--- Record excerpts Enclosed Below ---

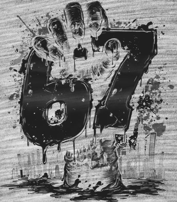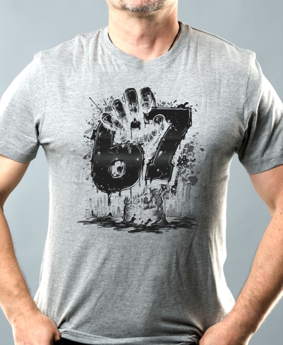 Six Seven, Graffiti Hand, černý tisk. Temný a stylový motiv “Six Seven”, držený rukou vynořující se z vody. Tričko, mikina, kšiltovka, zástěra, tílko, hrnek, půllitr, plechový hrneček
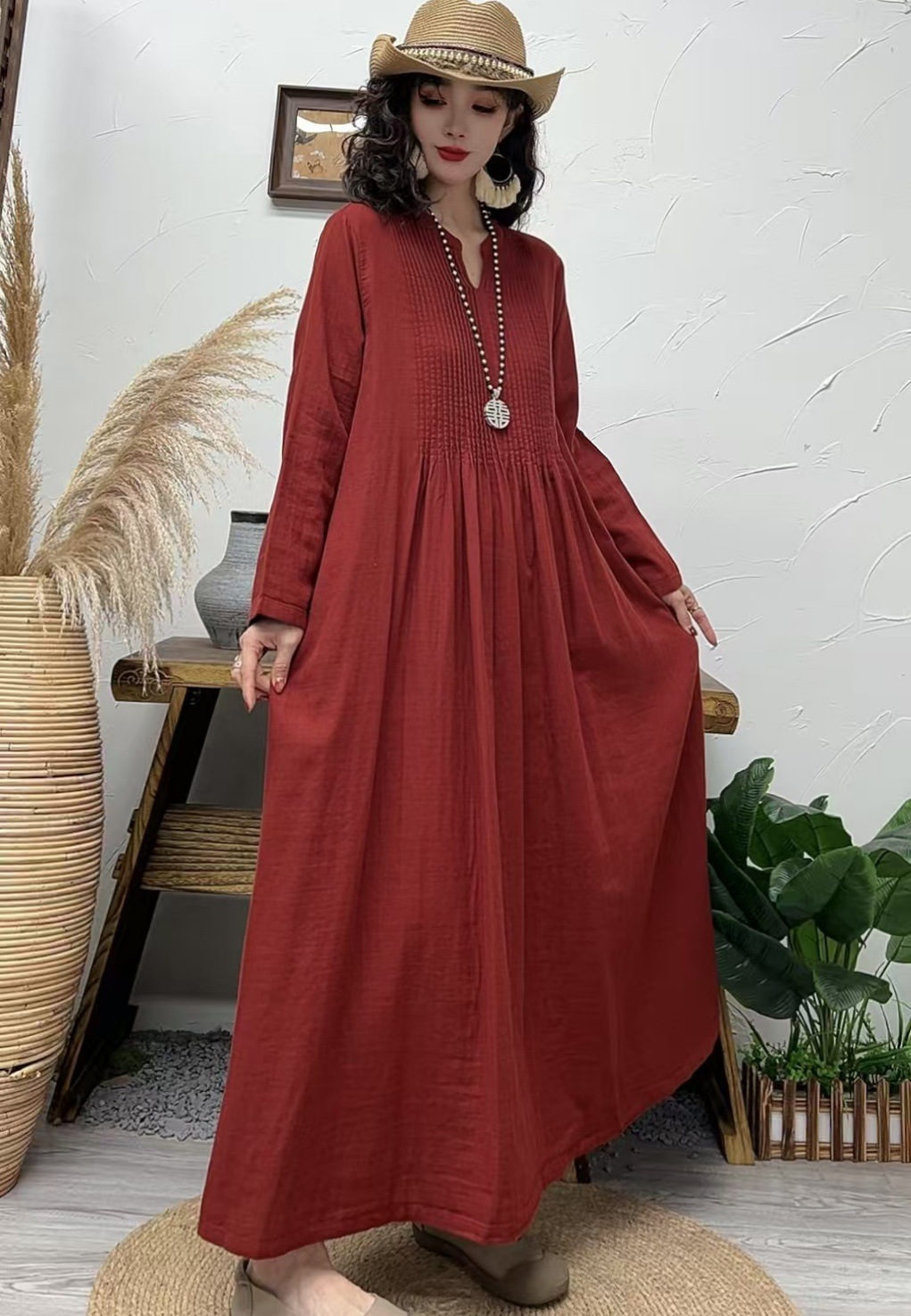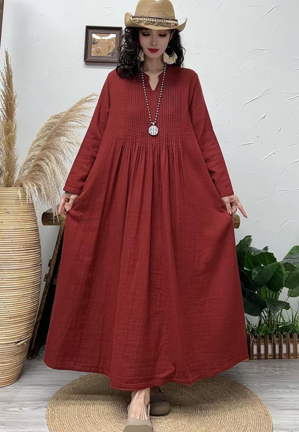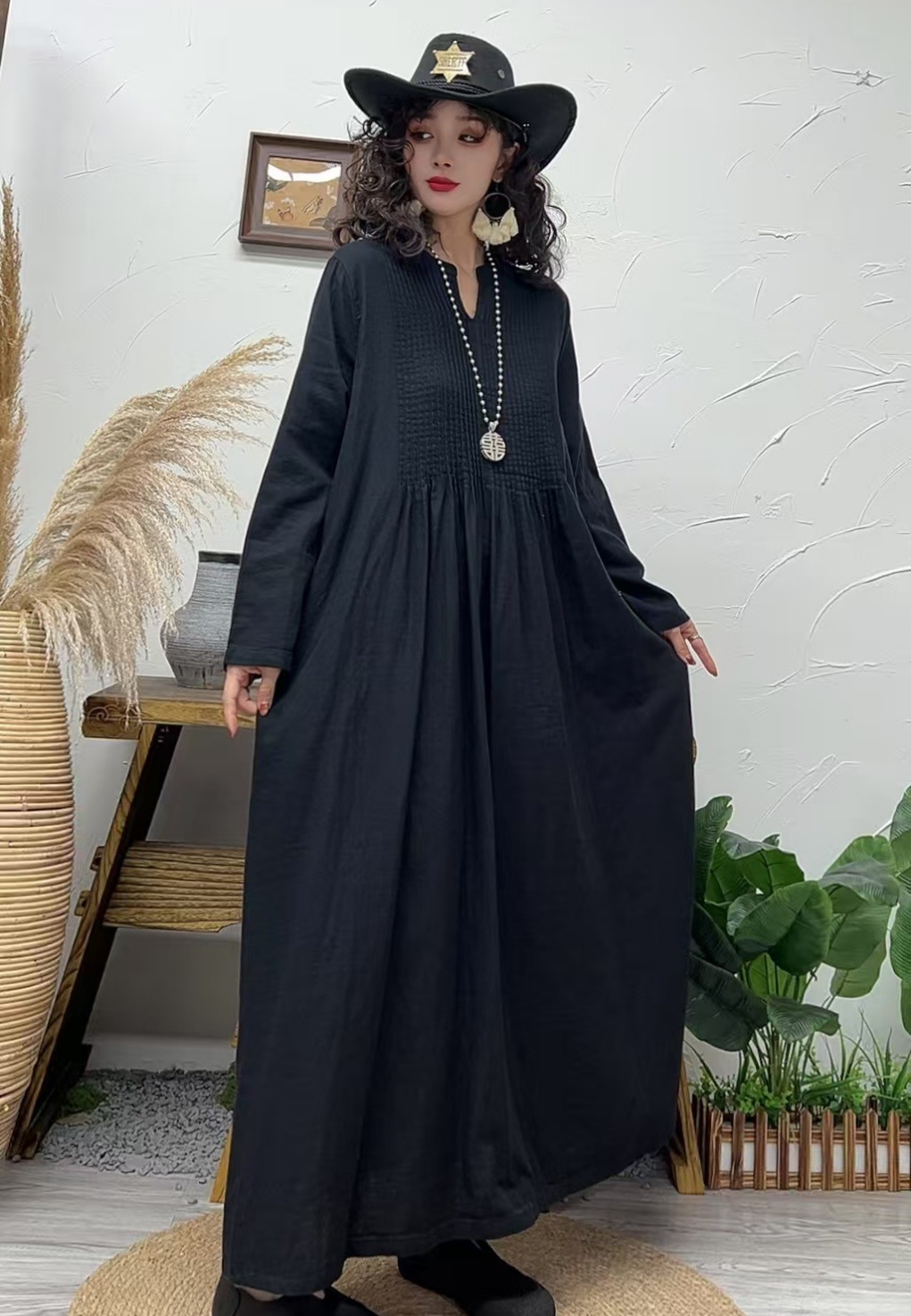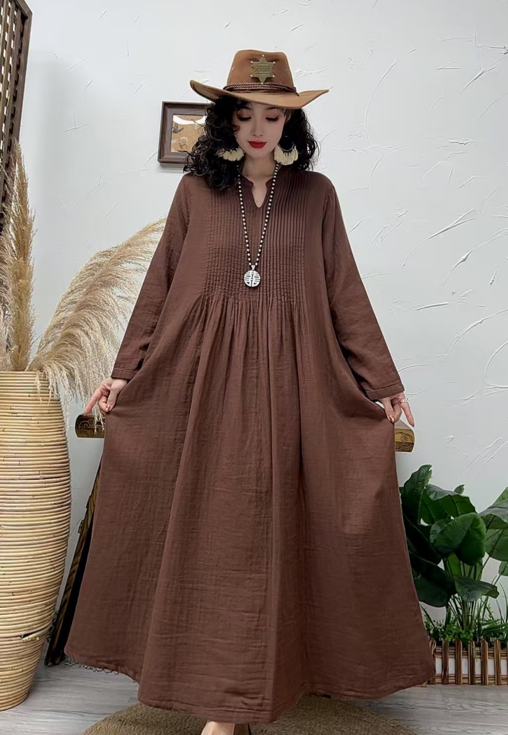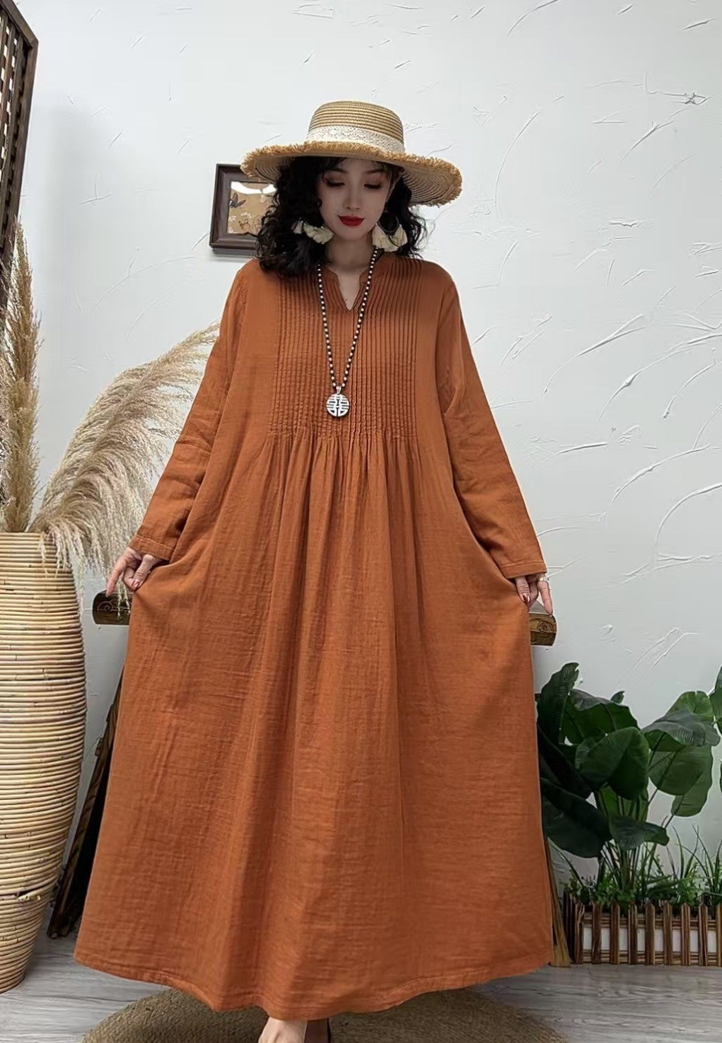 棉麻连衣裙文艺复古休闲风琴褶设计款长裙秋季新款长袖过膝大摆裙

--- End of Enclosed Record excerpts ---
--- Record excerpts Enclosed Below ---

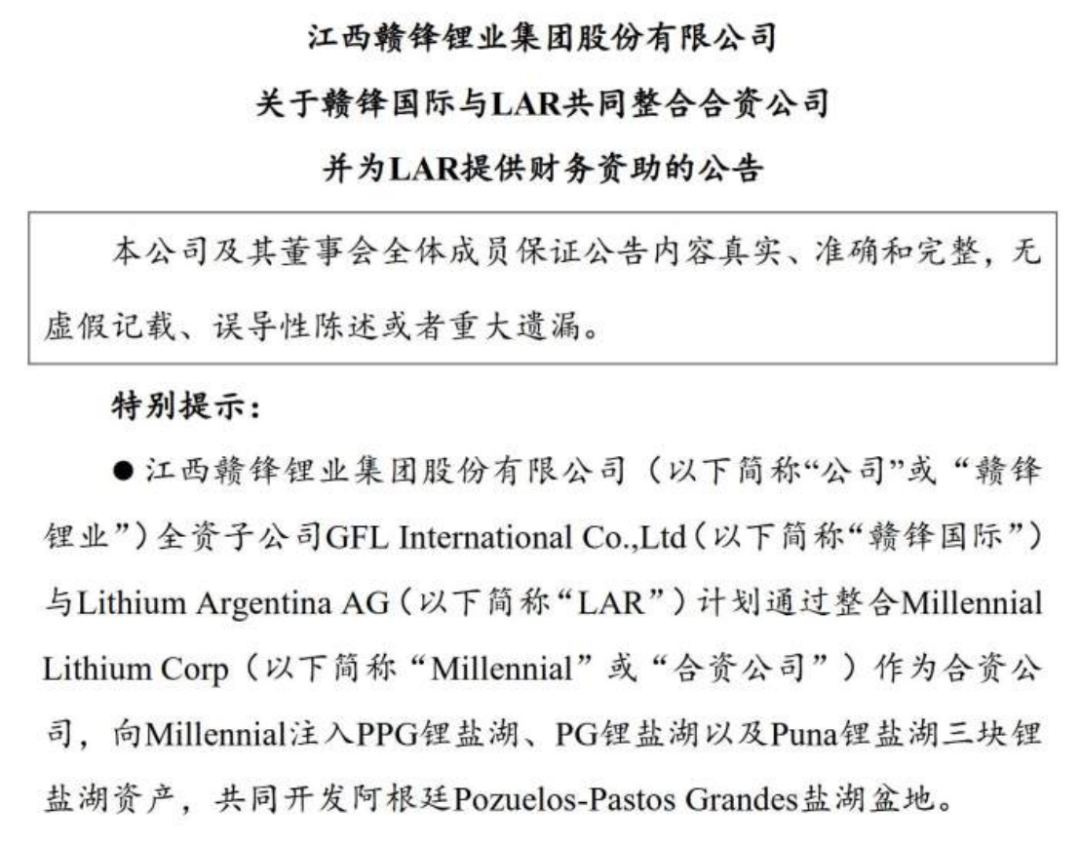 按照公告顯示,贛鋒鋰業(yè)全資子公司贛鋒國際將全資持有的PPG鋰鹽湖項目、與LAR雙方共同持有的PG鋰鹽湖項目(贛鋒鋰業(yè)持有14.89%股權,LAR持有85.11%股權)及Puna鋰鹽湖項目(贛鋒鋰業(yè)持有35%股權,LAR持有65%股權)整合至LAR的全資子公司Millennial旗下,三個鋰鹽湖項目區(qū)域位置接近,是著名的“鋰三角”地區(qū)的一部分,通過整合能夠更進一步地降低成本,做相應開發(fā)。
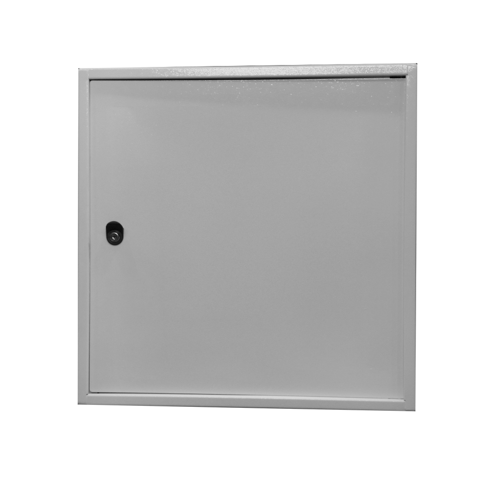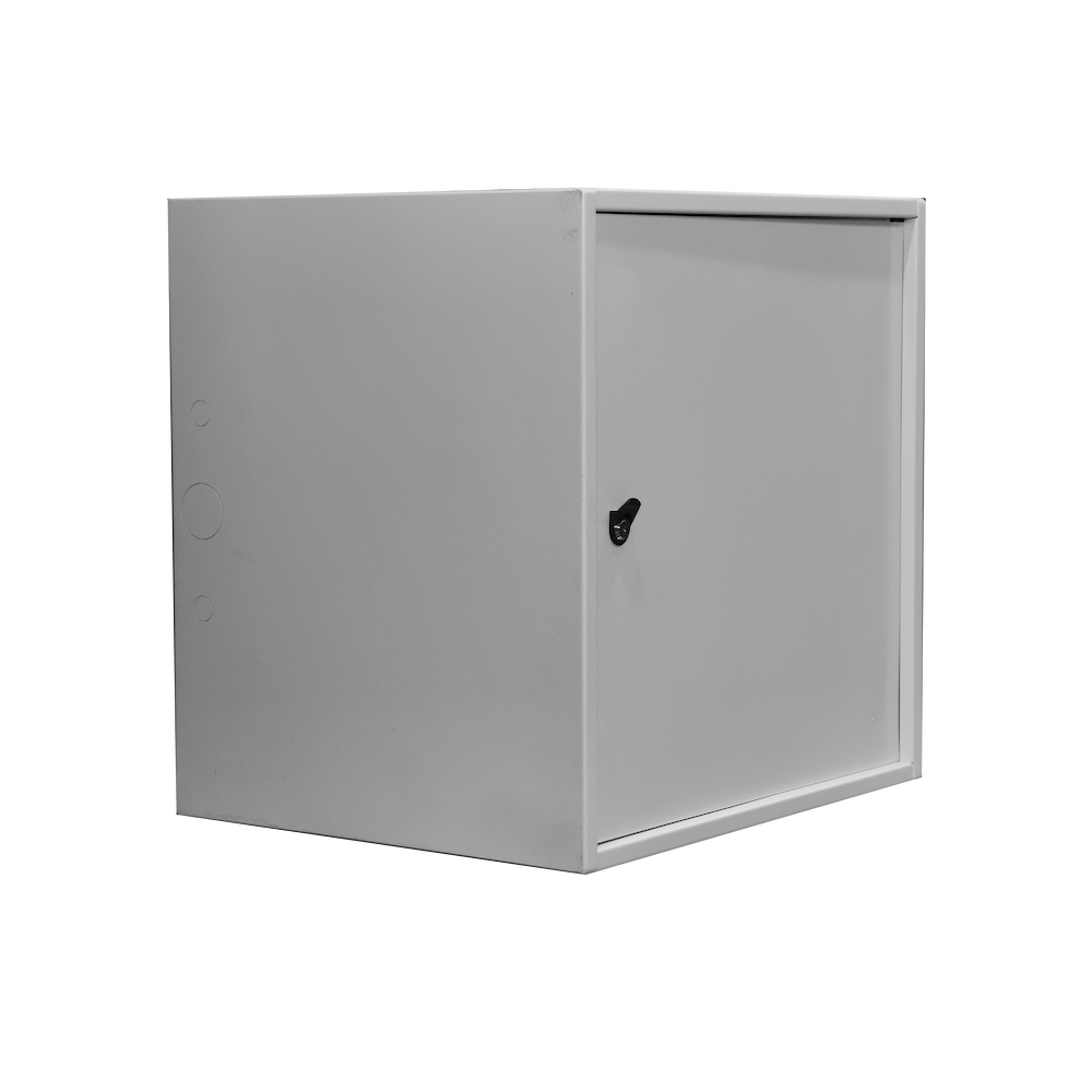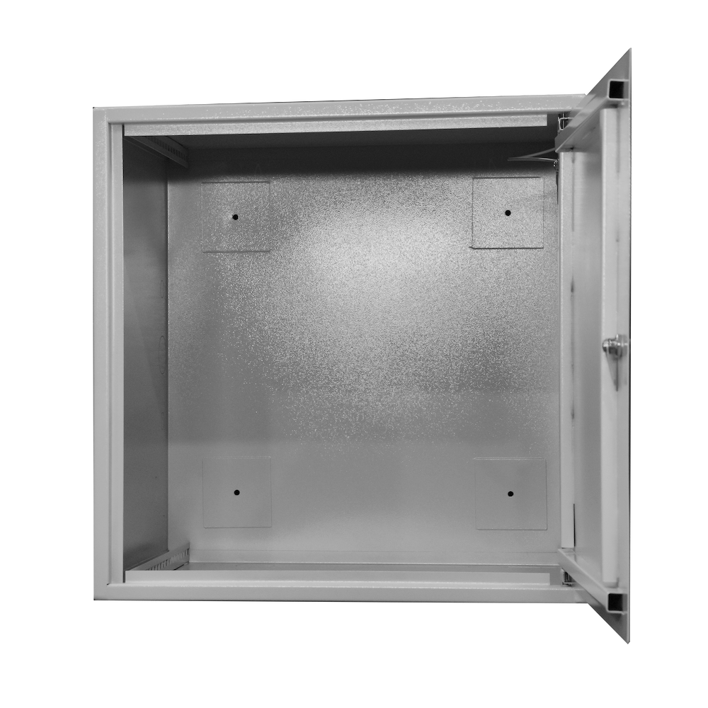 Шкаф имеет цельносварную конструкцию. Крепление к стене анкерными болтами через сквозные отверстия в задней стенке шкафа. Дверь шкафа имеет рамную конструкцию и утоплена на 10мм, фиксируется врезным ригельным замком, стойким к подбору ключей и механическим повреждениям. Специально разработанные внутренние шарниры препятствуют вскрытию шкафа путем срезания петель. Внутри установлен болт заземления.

--- End of Enclosed Record excerpts ---
--- Record excerpts Enclosed Below ---

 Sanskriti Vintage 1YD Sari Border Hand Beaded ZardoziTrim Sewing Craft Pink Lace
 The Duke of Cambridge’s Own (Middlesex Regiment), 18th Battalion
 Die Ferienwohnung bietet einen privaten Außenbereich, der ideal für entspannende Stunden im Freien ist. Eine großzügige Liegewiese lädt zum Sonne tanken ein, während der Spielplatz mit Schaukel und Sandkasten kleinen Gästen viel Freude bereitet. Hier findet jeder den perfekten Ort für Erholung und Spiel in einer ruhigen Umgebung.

--- End of Enclosed Record excerpts ---

**Brief**.
Transcribe, word for word, the lines of the listing above from the one that contains "Six Seven, Graffiti" through the one that contains "棉麻连衣裙文艺复古休闲风琴褶设计款长裙秋季新款长袖过膝大摆裙", keeping both ends and dropping the pictures.

**Exercise answer**.
 Six Seven, Graffiti Hand, černý tisk. Temný a stylový motiv “Six Seven”, držený rukou vynořující se z vody. Tričko, mikina, kšiltovka, zástěra, tílko, hrnek, půllitr, plechový hrneček
 棉麻连衣裙文艺复古休闲风琴褶设计款长裙秋季新款长袖过膝大摆裙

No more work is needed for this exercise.